# Really Helped Me Keep It Together



## Guest (Feb 22, 2006)

Just a little info. If it 'resonates,' run with it.  None of the following is my writing. It's all excerpts from the sites provided.

http://www.aap-psychosynthesis.org/articles/turner2.htm

PSYCHIATRIC NEWS http://www.psych.org/pnews/98-07-17/homeo.html
*Homeopathy is the best type of alternative medicine for psychiatric patients and psychiatric disorders, according to panelists at a workshop that drew an overflow crowd at APA's 1998 annual meeting in Toronto in June. *

"When I first heard about it, it made no sense at all," said Gogek. Based on the "law of similars," homeopathy attempts to cure a disease or symptom by administering a substance made of plant or mineral material that tends to cause similar diseases or symptoms. It is a paradoxical idea, he said.

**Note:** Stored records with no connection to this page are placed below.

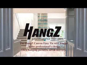 HangZ™ 50lb Easy Tie 2 Hole D ring Kit (50 set) The HangZ™ patented design elimanates the need to tie wire the old fashion way. No more unsightly hardware exposed. Wire will never slip or untie. Keeps hands clean and protects fingers from injury. Never see the hook again. Ideal Canvas & open back frames.
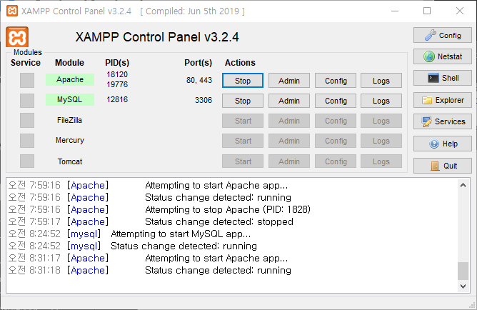 * XAMPP 설치 시, Apache와 MySQL은 설치목록에 포함하세요.
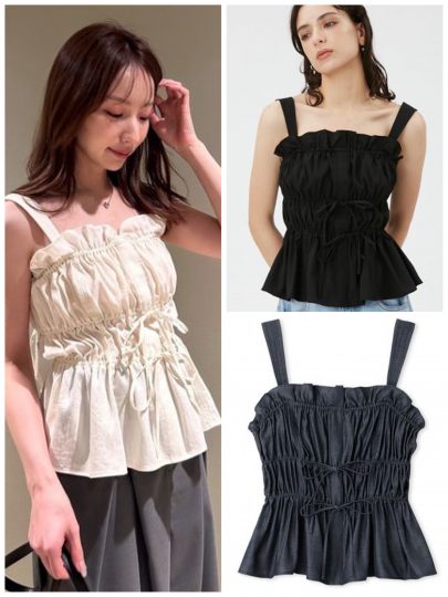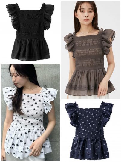 フリル袖でボリュームを出した分、身頃はシャーリングでコンパクトにまとめて。緩急をつけたフォルムとペプラムが相まって、着るだけで細見えが叶います。
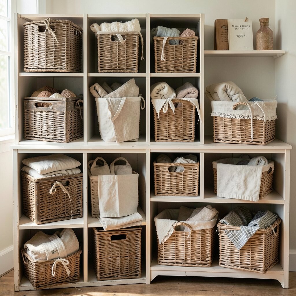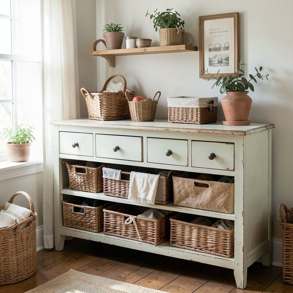 Baskets are versatile and can be moved around as needed. They also add a natural element to your decor. Look for baskets at thrift stores to find unique and affordable options.
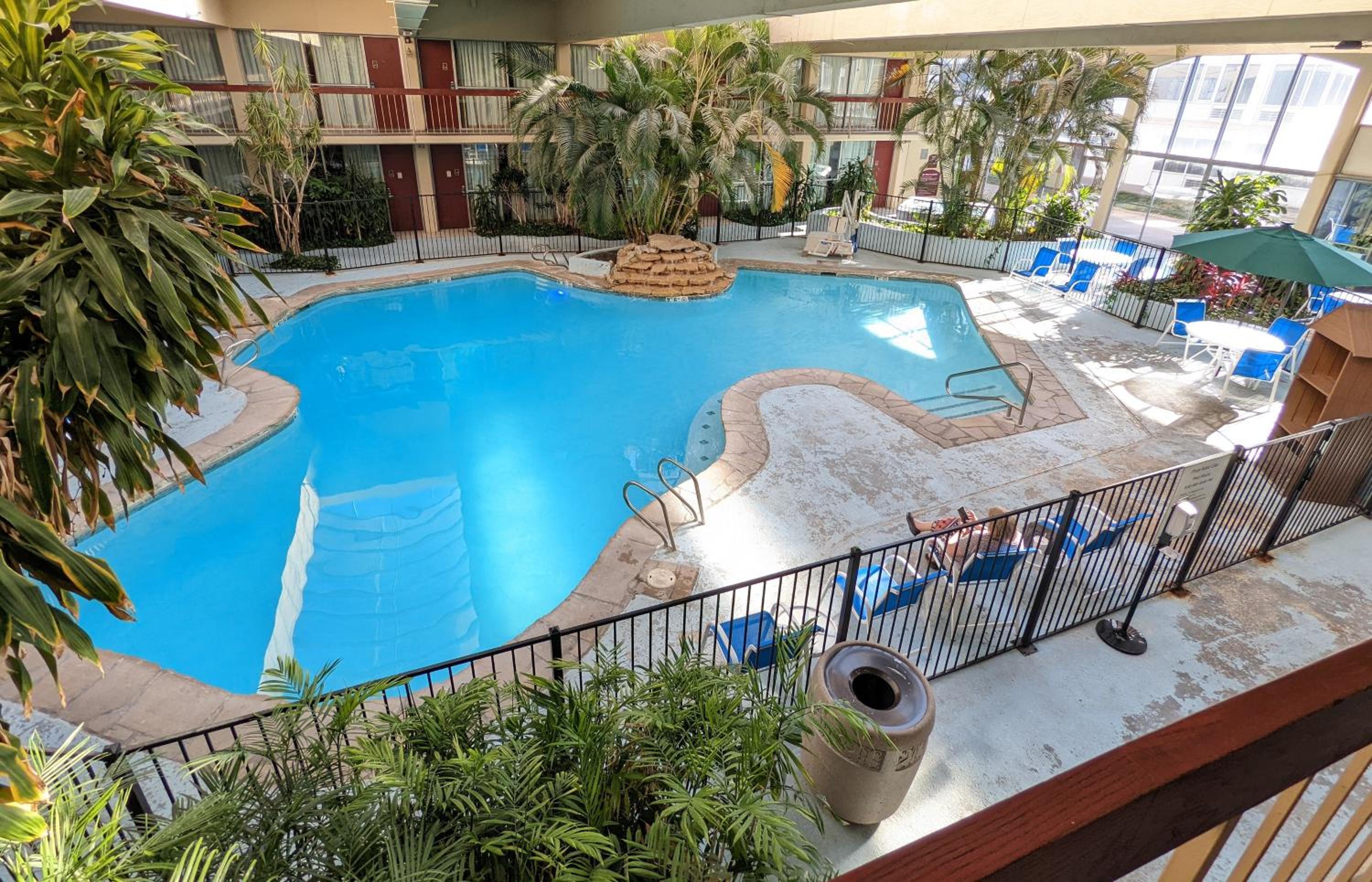 The area is full of crackheads and prostitutes. Some of them stay at the hotel. Don't feel safe about my vehicle in the parking lot. Or kids in the pool. There was a lot of people in the pool. It was too crowded so we never swam.
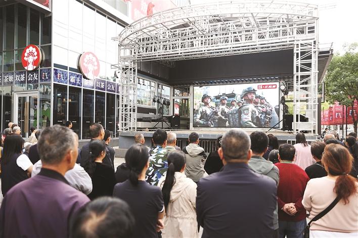 图⑤为市民在购物广场前观看直播。 记者 侯利军 摄
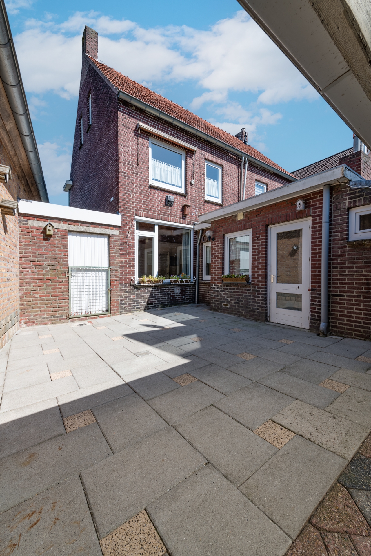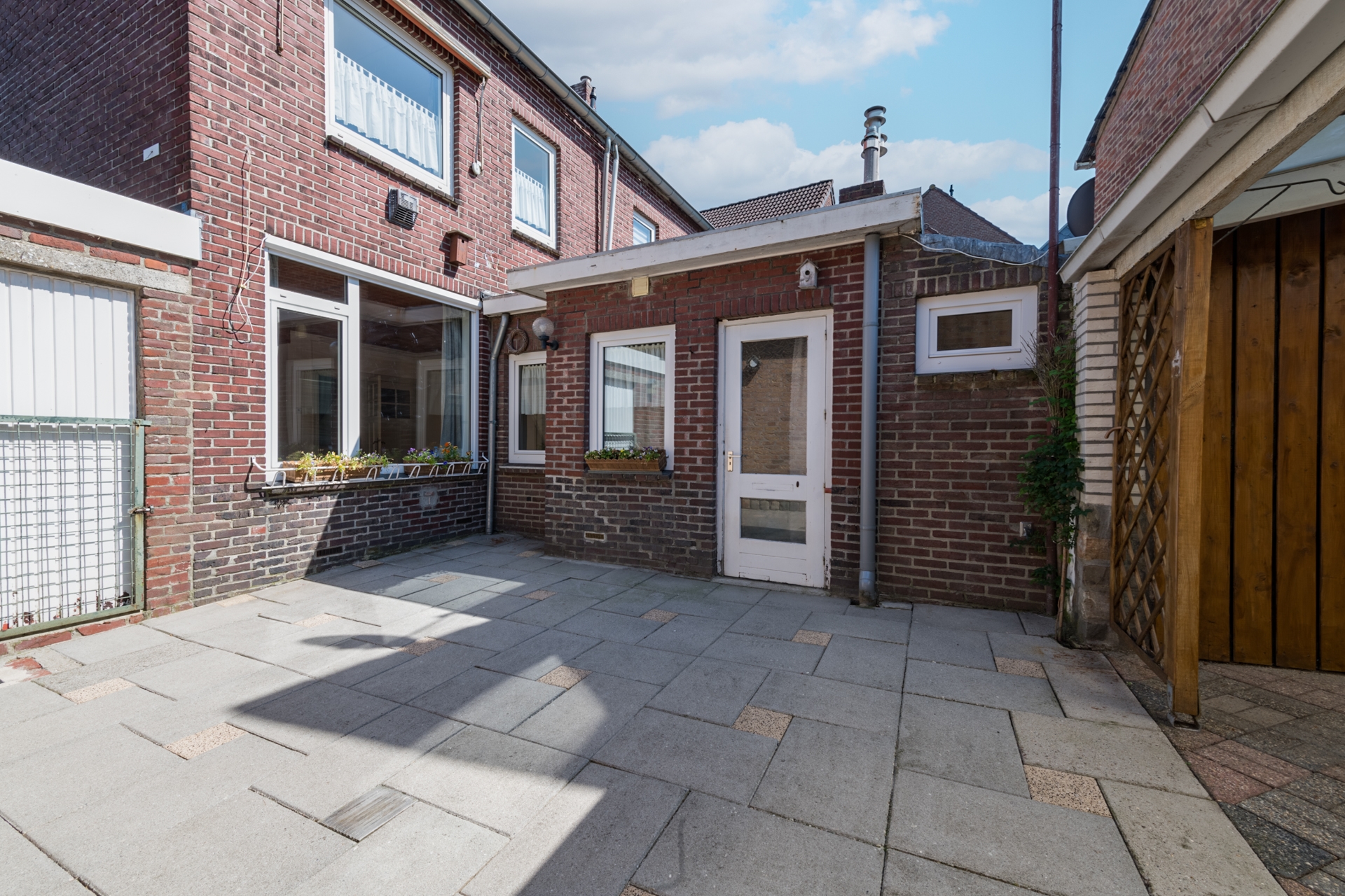 De patiotuin aan de achterzijde is geheel betegeld en is via de garage bereikbaar.

"My view of the law of similars," he continued, "is that if someone is leaning-if you push him in the direction he is leaning-then he'll stand up straight." Homeopathic remedies don't really cure, he noted, but trigger the body's ability to cure. 

"My training in homeopathy has been very inspirational," said Sandra Kamiak, M.D., a psychiatrist in private practice in Saratoga, Calif. "It was one of the best things I've done in my entire life."

WHAT CAN HOMEOPATHY TREAT? http://reliableanswers.com/med/homeopathy_healing.asp
Which diseases can be treated with homeopathy? Strange but true, in homeopathy we do not treat diseases, but the person who is sick. Whether a person has a chronic or an acute disease, all of their symptoms, whether physical, mental or emotional, form a whole representing a state of imbalance very specific to the individual. The goal of the physician is to recognize through the unique expression of symptoms of a patient the pattern of disturbed energy and identify among a great number of remedies available the one most homeopathic, or most similar to the patient's disease. *Homeopathy is "medicine of the individual" par excellence. *

Can a pregnant woman or a newborn baby benefit from homeopathy? Since homeopathic remedies are devoid of all chemical toxicity, homeopathy is the ideal medicine for people of all ages, even the most sensitive like a newborn baby. Difficulties during pregnancy and the delivery or its aftermath as well as all the problems experienced by the newborn can be dealt with very effectively and *without side effects with homeopathy.*

*How does homeopathy deal with mental or emotional problems, resulting from trauma, deep grief, or the consequence of mood disorders such as anger, depression or anxiety? As incredible as it may be, the majority of such problems normalize with the application of the homeopathic remedy that is the most similar to the state of the patient. Patients who are under psychotherapy will recover as a rule far more rapidly after they begin homeopathic treatment.*

*Homeopathy makes the most of the organism's capacity to heal itself.*
How does homeopathy address patients with infectious diseases? Homeopathic treatment is ideal to optimize the body's natural defenses against microbes. With the appropriate homeopathic treatment, people recover from infectious diseases, even the most serious ones, gently and rapidly. During great past epidemics such as those of diphtheria, scarlet fever, typhoid, cholera, yellow fever, malaria, etc., homeopathy decreased mortality 10 to 30 times versus conventional medicine.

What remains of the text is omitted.